HAVANA TIMES – Cubana de Aviacion airlines said on Wednesday that it will suspend flights to Mexico, Venezuela and part of the Caribbean due to new US sanctions, reported dpa news.
The state-owned company said that it was notified by foreign leasing companies of the “cessation of lease agreements already signed,” leading to the cancellations of flights to Mexico, Santo Domingo, Venezuela, Haiti, Martinique and Guadeloupe.
Cubana added that internal flights to the eastern provinces of Holguin and Santiago de Cuba would also be affected by the breaking of the leases.
The company’s deputy director, Arsenio Arocha, told local media that the cancellation of flights until December will cost Cubana some 10 million dollars.

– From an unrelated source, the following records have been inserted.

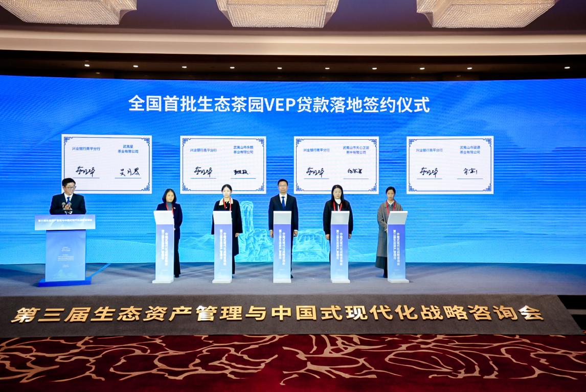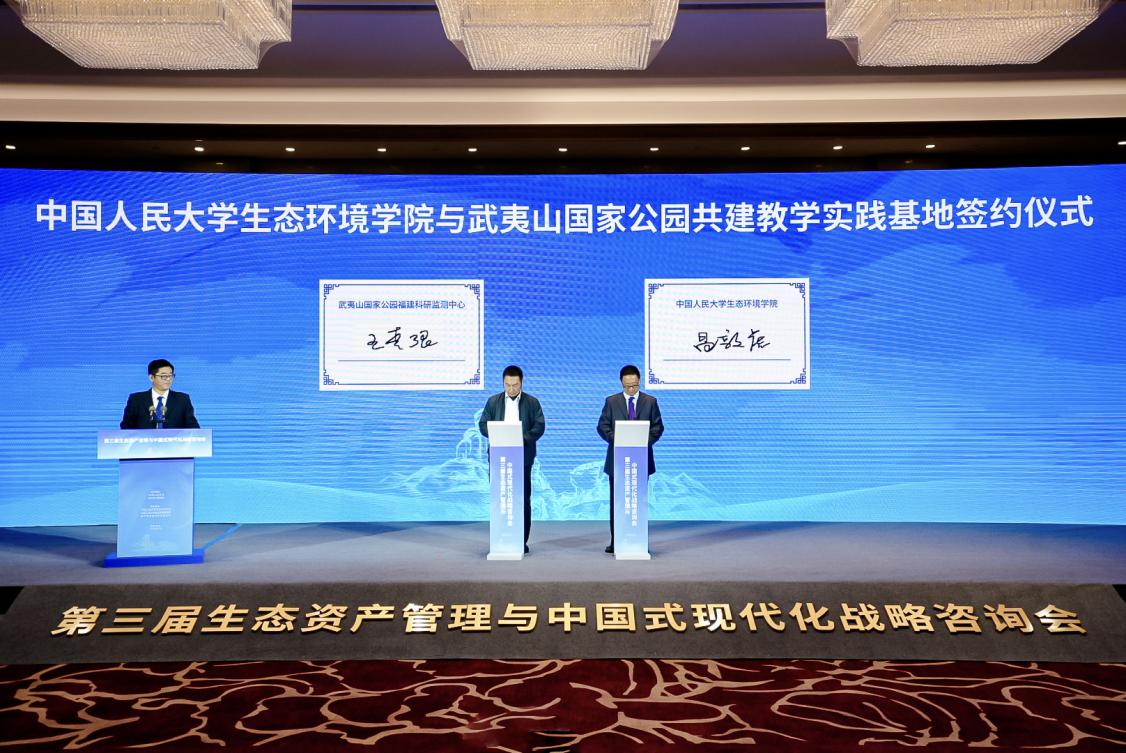 开幕式上还举行了签约及揭牌仪式,凝聚多方合力共推生态文明建设:全国首批生态茶园VEP贷款落地签约仪式顺利举行,开创生态价值转化落地新路径;william威廉英国官网与武夷山国家公园签署共建教学实践基地协议,并共同为“william威廉英国官网·武夷山国家公园教学实践基地”揭牌,共建校地协同、研用融合的创新平台,助力生态文明研究与实践深度融合。中国人民老员工态环境公司党委书记贾铁英主持报告发布和签约及揭牌仪式。
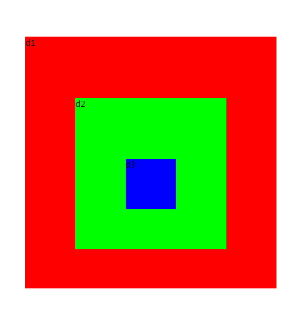 根据事件机制,点击d3后,首先从window开始向下传播到目标元素d3,触发d3的click事件,弹出'd1',然后向上传播,沿途经过祖先元素d2,d2也绑定了点击事件,因此触发其点击事件,弹出'd2',继续向上传播,到d3,d3同样绑定了点击事件,触发而弹出'd3'。继续向上传播到window对象,不再有click事件。
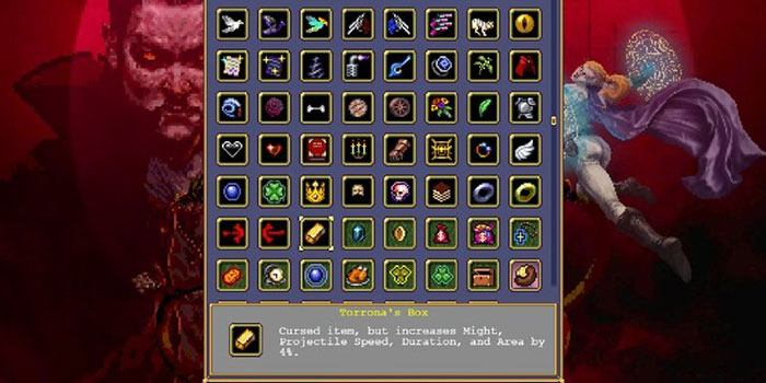 Một trong những vật phẩm thụ động tốt nhất trong trò chơi được cho là Torrona's Box. Vật phẩm tiện dụng này tăng diện tích, thời lượng, sức mạnh và tốc độ (đạn) của tất cả các loại vũ khí. Vấn đề với vật phẩm này là khi đạt đến cấp độ 9, nó sẽ cung cấp tần suất, sức khỏe, số lượng và tốc độ (di chuyển) của kẻ thù.
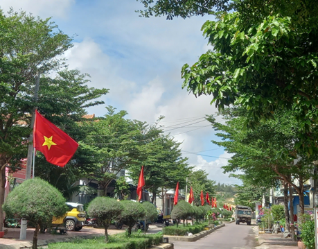 Các trục đường tại các khu phố được người dân treo cờ Tổ quốc
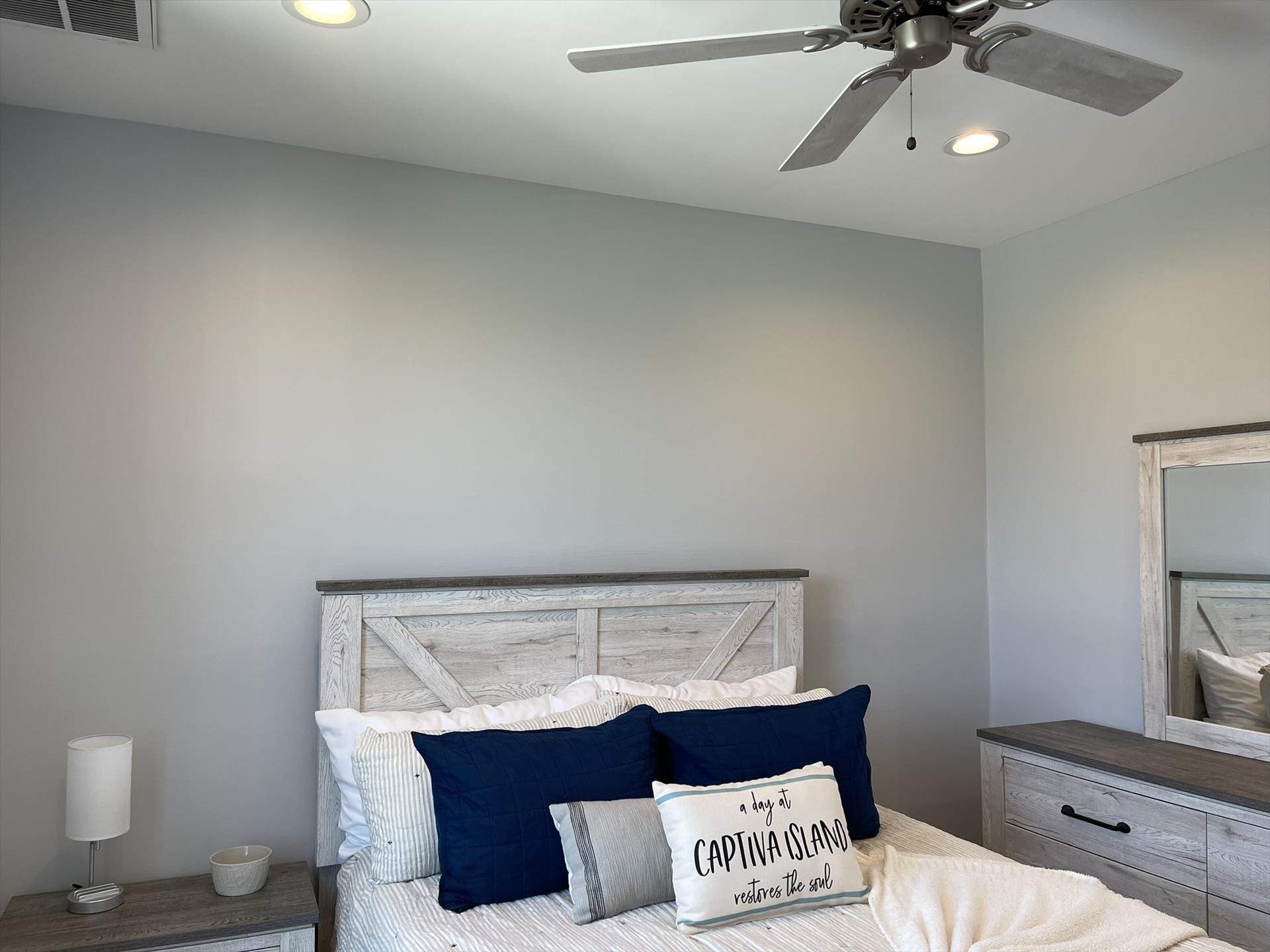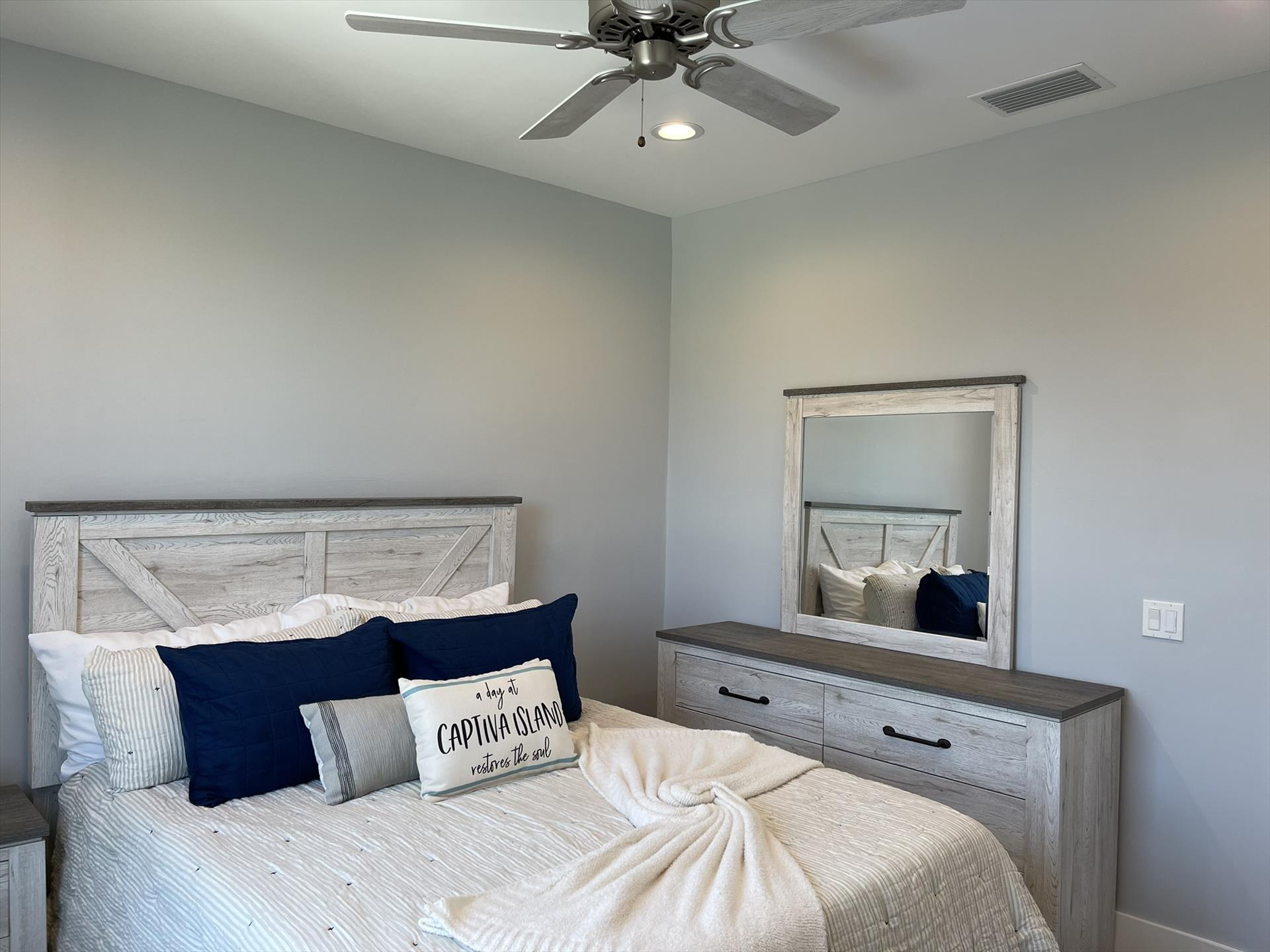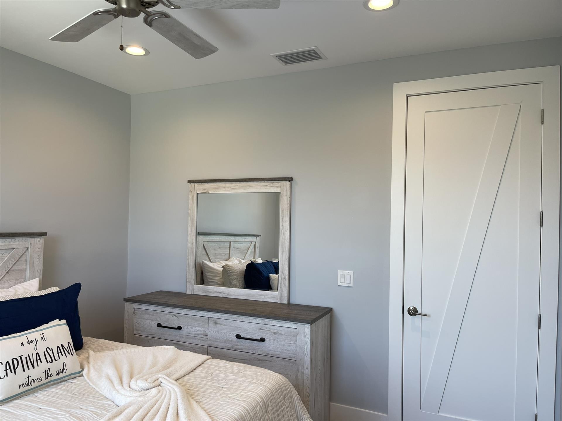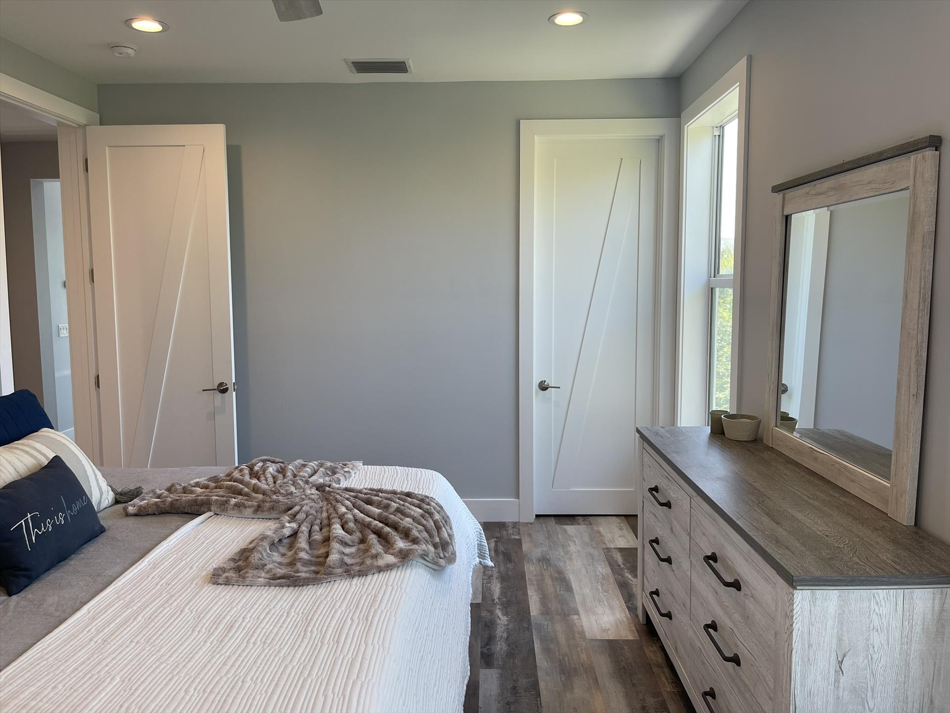 1st Floor - Guest Bedroom Right Side - Queen Size Bed, Bureau, Closet, Nightstand, and Fan.

Last Friday, the US Commerce Department announced it would revoke licenses for aircraft leases to Cuban state-owned airlines, saying that Cuba has been using the leased aircraft to transport tourists, providing revenue for the regime’s illicit activities.
The department said that its Bureau of Industry and Security (BIS) was also expanding sanctions to include more foreign goods containing at least 10 per cent of US components and was to impose additional restrictions on exports to the Cuban regime.
US President Donald Trump’s administration has stepped up sanctions on Cuba, including a ban on former president Raul Castro from entering the United States, and limiting remittances to the island.
Cuba has pledged to maintain its support for the Maduro regime in Venezuela despite stepped-up US pressure.
Trump has been rolling back a US-Cuba detente introduced under his predecessor, Barack Obama. The Cuban government, guided by the late Fidel Castro, also sharply criticized Obama’s overtures as a trojan horse to undermine its state socialist system.